How would you finance the Big Fix?
Find a solution to the infrastructure problems facing Canada's cities
CBC News
Last Updated: November 18, 2011
Canadian governments have identified infrastructure spending as a priority. But a big gap remains between what the country needs and what the public sector can afford.
So the question is: Who pays? And how do they do it?
This tool puts you in charge of finding the answers.
The goal is to shrink the municipal infrastructure gap to zero dollars, without running a surplus.
Adjust the sliders on the left side to raise new revenues. Use the sliders on the right to defer some expenses to a later date.
Rules of the game:
- This calculator assumes governments are unable or unwilling to run up deficits for infrastructure spending.
- All figures are in current dollars.
- The "infrastructure gap" covers municipal needs over a 20-year period. Annual revenue increases are multiplied by 20 to cover this time frame.
- Calculating revenue generation is extremely complex, so we have used the best available data to make rough estimates in some cases.
Get started
Notes
The federal corporate tax rate in Canada, as of January 1, 2012, will be 15 per cent.
Each increase of one per cent in the Canadian corporate tax rate raises $1.664 billion in revenue, according to rough calculations using 2010 figures.
So each 0.25 per cent increase in the corporate tax rate would, in theory, raise $8.325 billion over the 20 years needed to fix the infrastructure gap.

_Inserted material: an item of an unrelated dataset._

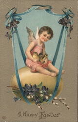 Cherub with Chicks on Easter Egg, Vintage Postcard

Keep in mind that while raising corporate taxes may appeal to a segment of the Canadian population, some experts argue that raising corporate taxes will hurt Canada's international competitiveness and job creation.
Notes
The federal government spent $239.6 billion total in 2010/11, exclusive of debt charges. If the government were to cut one per cent of its total budget and reapply that money to infrastructure, that would be the equivalent of a $2.396-billion annual investment.
So each 0.25 per cent increase would, in theory, raise an extra $12 billion over the 20 years needed to fix the infrastructure gap.
Keep in mind that this approach would mean reshifting priorities — and likely involve cuts to other departments and/or Crown Corporations.
Provincial only
Provincial and territorial governments have some ways of increasing their infrastructure budgets, from income tax hikes to new vehicle levies. In total, they currently spend roughly two per cent of their total budgets on municipal infrastructure.
Notes
Provinces raised $90.2 billion in income-related taxes in 2010/11, according to Statistics Canada. If the provinces were to introduce tax hikes equivalent to an extra one per cent of revenue, that would theoretically generate $902 million annually. And, over the 20 years needed to fix the infrastructure deficit, each 0.25 per cent hike would raise an extra $4.51 billion over the 20 years needed to fix the infrastructure deficit.
Note: This doesn't mean a one per cent tax increase across the board. You could tax all incomes equally, or shift more of the burden to higher-income households.
Keep in mind that raising taxes on individuals could be deeply unpopular.
Notes
This country has roughly 20 million registered personal vehicles, according to Statistics Canada. If the provinces and territories were to impose a $100 levy on each vehicle when it was registered, that would raise roughly $2 billion annually.
So for every $20 raised, that would raise $8 billion over the 20 years needed to fix the infrastructure gap.
Keep in mind that vehicle registration can be politically risky. Toronto city council overturned a vehicle registration fee in late 2010.